Research on Ribbed Domes

Here is the research that we did for our final asssignment for our Arch241 class. Our structural element is Dome. And every section is devided into groups so we are researching Ribbed Dome. We are going to do a model of this structural element and here is the information that we will use while doing it.

Ribbed dome is Type of vault giving the effect of a dome, or where the under-surface of a dome or cupola is subdivided by radiating ribs.

Rib : a three dimensional arch which projects from the dome’s interior surface.Arch: the geometric shape of the rib especially when it forms half a circle extending from the base on one side to the base on the other side of the dome.

Ribbed dome:  a dome with ribs that rotate around its vertical axis.

When arches are rotated around a dome’s vertical axis, the intersection point at the apex of the dome becomes more congested as the number of arches increases When arches are rotated around a dome’s vertical axis, the intersection point at the apex of the dome becomes more congested as the number of arches increases. This problem can be avoided by using a pair of arches instead of only one, and leaving an open space in the apex where the node of intersecting ribs used to be . Increasing the number of rotated arches to 3, 4, 5 or more arches creates more complex patterns, but causes two effects which were not satisfactory to Arab builders: the first is a physical one, where the resulting arches have different radii because of their location on the dome surface. , this meant that more varied and extensive forms are required for building. A more import-ant effect, however, is a visual one, where the arches intersect in ways that did not appeal to Arab- Muslim tastes.

 

2.1. Mathematical Properties

Depending on the distance between the arches in a pair, the rotation creates polygonal or star shapes, which are divided into a number of cells. These cells are uniform in shape around the circumference, and become smaller in size starting from the outside and progressing towards the center. The number of star vertices is obviously twice the number of rotations of a pair of arches: n = 2r

Where n is the number of star vertices, and r is a whole number of rotations required until the last pair is superimposed over the first, and ranges from 3 to almost 50. The exterior angle (the angle farthest away from the star center) of each of the kite shaped cells corresponds to the number of rotations that created the star.
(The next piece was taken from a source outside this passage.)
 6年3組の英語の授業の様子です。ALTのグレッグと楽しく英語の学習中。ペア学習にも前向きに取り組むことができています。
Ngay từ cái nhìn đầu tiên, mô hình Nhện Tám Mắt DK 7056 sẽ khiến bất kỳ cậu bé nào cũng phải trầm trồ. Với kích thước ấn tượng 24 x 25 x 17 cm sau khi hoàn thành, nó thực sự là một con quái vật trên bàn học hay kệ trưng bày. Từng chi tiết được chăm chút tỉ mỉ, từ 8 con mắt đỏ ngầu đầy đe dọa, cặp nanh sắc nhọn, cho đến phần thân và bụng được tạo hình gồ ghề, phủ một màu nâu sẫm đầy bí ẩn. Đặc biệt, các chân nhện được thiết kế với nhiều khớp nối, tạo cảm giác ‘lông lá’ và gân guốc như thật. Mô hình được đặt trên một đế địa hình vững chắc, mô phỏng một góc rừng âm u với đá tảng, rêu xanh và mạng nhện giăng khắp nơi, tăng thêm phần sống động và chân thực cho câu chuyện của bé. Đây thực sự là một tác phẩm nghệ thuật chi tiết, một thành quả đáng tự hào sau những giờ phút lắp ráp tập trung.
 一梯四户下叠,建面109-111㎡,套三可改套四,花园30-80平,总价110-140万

The outermost angle is equal to the angle of rotation, and is given by this equation: a1 = 360°/ 2r

Where a1 is the angle, and r is the number of rotations as defied in the preceding equation the exterior angle for subsequent cells is given by this equation: ax = x a1

Where ax is the angle, x is the cell sequence number from outside towards inside, where the outermost cell number is 1; a1 is the angle of rotation obtained by the pre-ceding equation.
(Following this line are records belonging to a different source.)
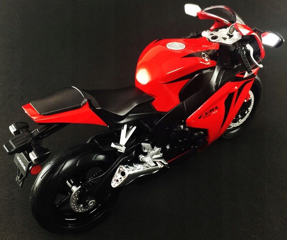 Модель мотоцикла HONDA отличается вниманием к деталям. Имеет подвижные элементы: колеса, руль, задний поворотный рычаг, боковую подставку.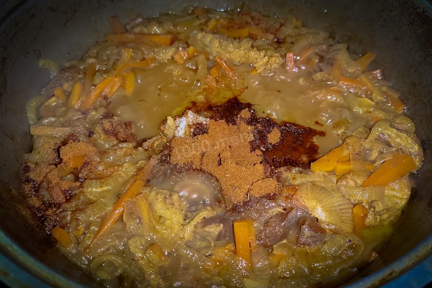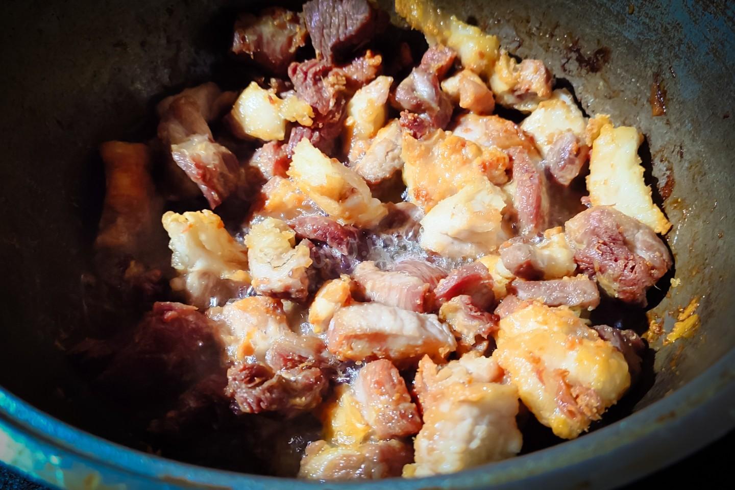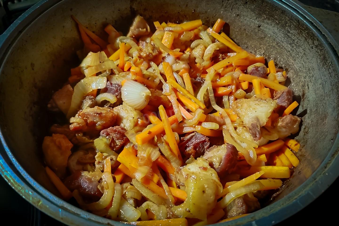 Через 5 минут обжаривания лука с морковкой, вернуть в казан мясо и продолжать обжаривать ещё 5 минут, постоянно перемешивая.
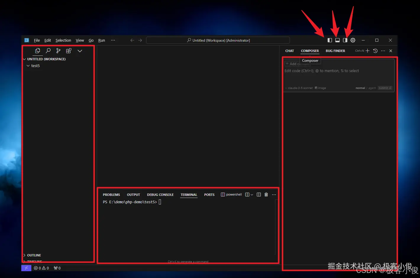 在这里我们主要先看COMPOSER,也可以使用快捷键Ctrl + i快速切换到这里!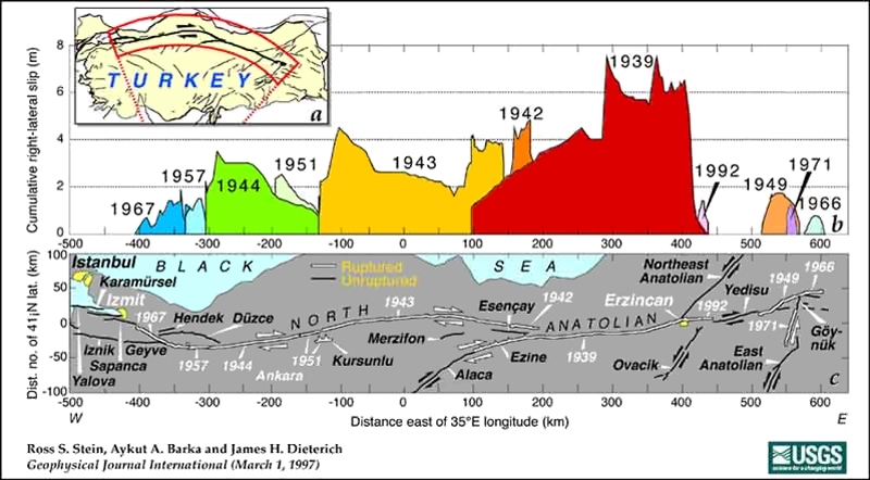 | Natural hazards Very severe earthquakes, especially in northern Turkey, along an arc extending from the Sea of Marmara to Lake Van. On August 17, 1999, a 7.4-magnitude earthquake struck northwestern Turkey, killing more than 17,000 and injuring 44,000. Environment Current issues Water pollution from dumping of chemicals and detergents; air pollution, particularly in urban areas; deforestation; concern for oil spills from increasing Bosporus ship traffic. |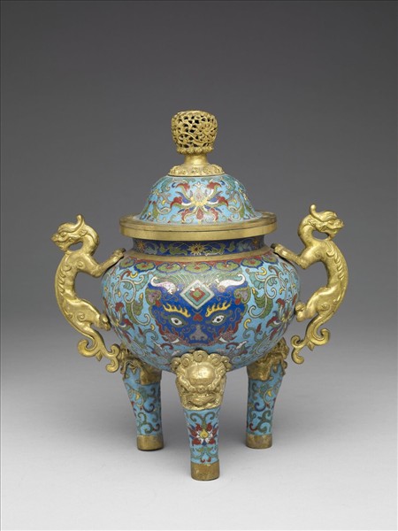 鍍金口,短頸,雙夔龍耳,圓腹,圓底,三張口龍足,穹頂蓋,蓮瓣座鏤空蓮紋鈕。全器淺藍地,以掐絲技法於蓋、足飾番蓮紋,頸飾菊花紋與如意雲紋,腹飾獸面與番蓮紋。中琺503、504、505為一組。

The cells in the last interior layer which adjoins the central polygon, are always triangles rather than kite shaped. The number of different cells in a star, including the central polygon, equals to the number of rotations that created the star.

star motifs can be produced by joining points equally distributed around the circumference of a circle. These stars can be described by a concise notation giving the data on three quantities: the number of initial vertices n , the method of joining up the vertices to produce the original star (i.e., joining every 2nd point, 3rd point, and so on) d , and the number of cells remaining in the star motif (since some cells can be removed)
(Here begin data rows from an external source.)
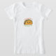 Let's Taco 'Bout It: A fun, lighthearted design with a friendly taco character, complete with toppings and a cheerful expression. It’s perfect for those who love tacos and a good pun, bringing a smile to every conversation.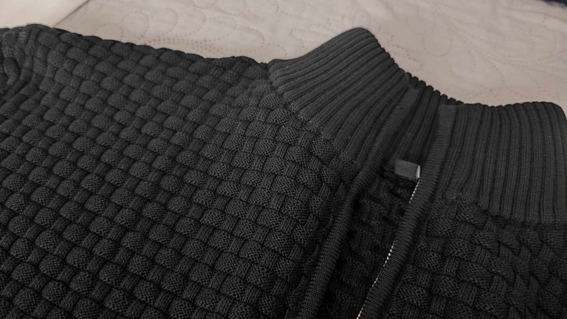Very comfortable against the skin and not itchy at all. The knit has a nice weight to it and the zip detail gives it a clean smart look.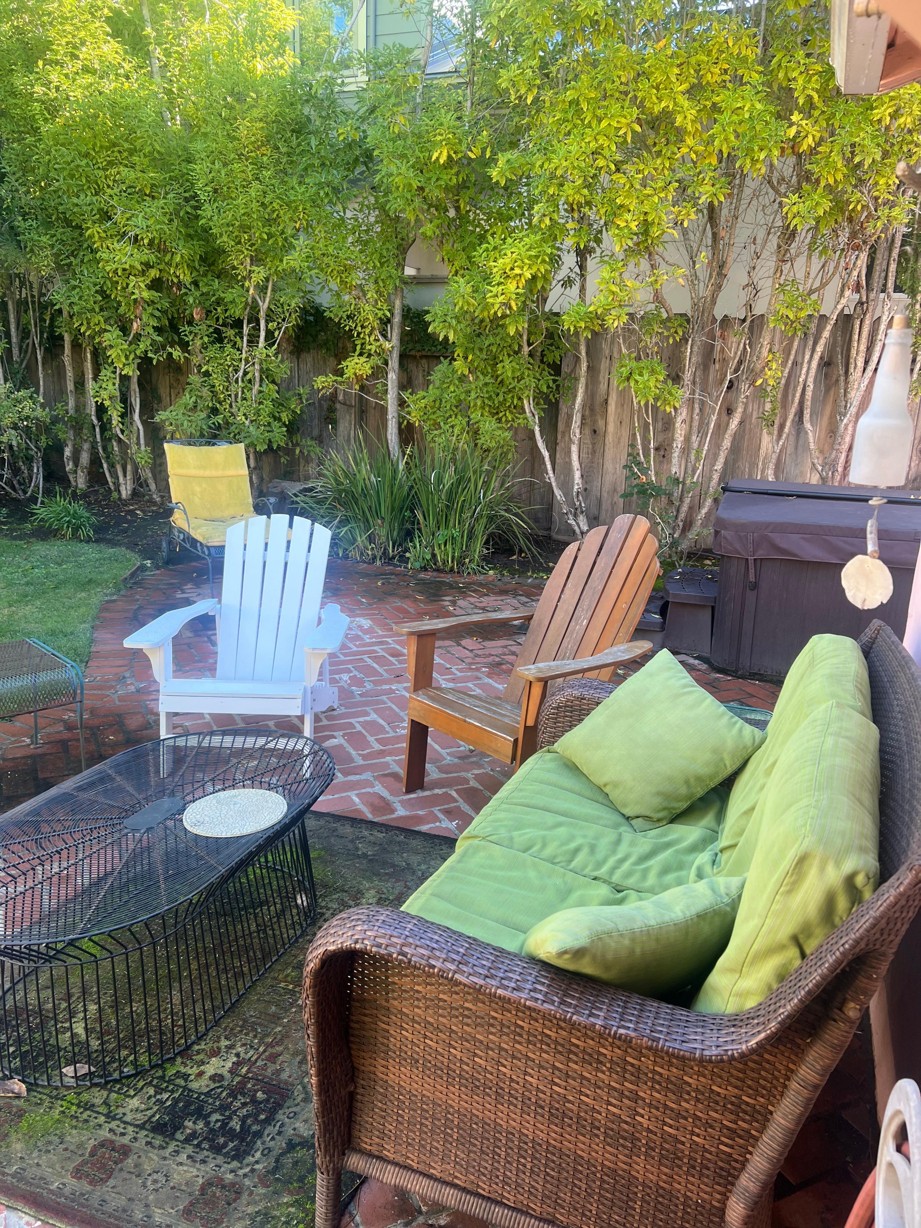 Es gibt drei Außensitzbereiche aus Ziegeln, einschließlich des hinteren und vorderen Hofs mit zwei Wärmelampen, einem Grill, einer Außendusche mit heißem Wasser und einem Whirlpool für den Genuss im Freien. Der Hinterhof ist von hohen Hecken und einem wunderschönen Rosengarten umgeben. Sowohl der Hinterhof als auch die Vorderseite sind aus Gründen der Privatsphäre und des Komforts für Sie und Ihre Haustiere eingezäunt.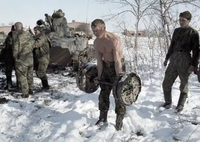 Утренняя зарядка бойцов ВДВ в Чечне, 1999 год.

2.2. Basic Types of Ribbed Domes

the rotation of a pair of arches 90° produces a square shape. This is a static form un-less placed on the diagonal of a square base. Three rotations produce a hexagonal star or polygon. This is the minimum number of rotations to produce a star motif.  by rotating a pair of arches four times, the most popular ribbed dome is created, because of its simple and pleasing proportions, its dynamic qualities, and its balanced relationship to the square and the circle in the same time. Other popular domes are the 12-pointed and 16-pointed stars.

If the framing be of a form less convex than the curve of equilibrium, the weight will have a tendency to crush the ribs inwards, but this pressure may be effectually overcome by strutting between the ribs; and hence it is important that the struts be so placed as to form continuous horizontal circles.

A ribbed dome consists of a number of identical meridional girders or trusses, interconnected at the crown by compression ring

The dome has vertical compression along their meridians, but horizontally experience compression only in the portion above 51.8 degrees from the top. Below this point, the hemispherical dome experiences tension horizontally.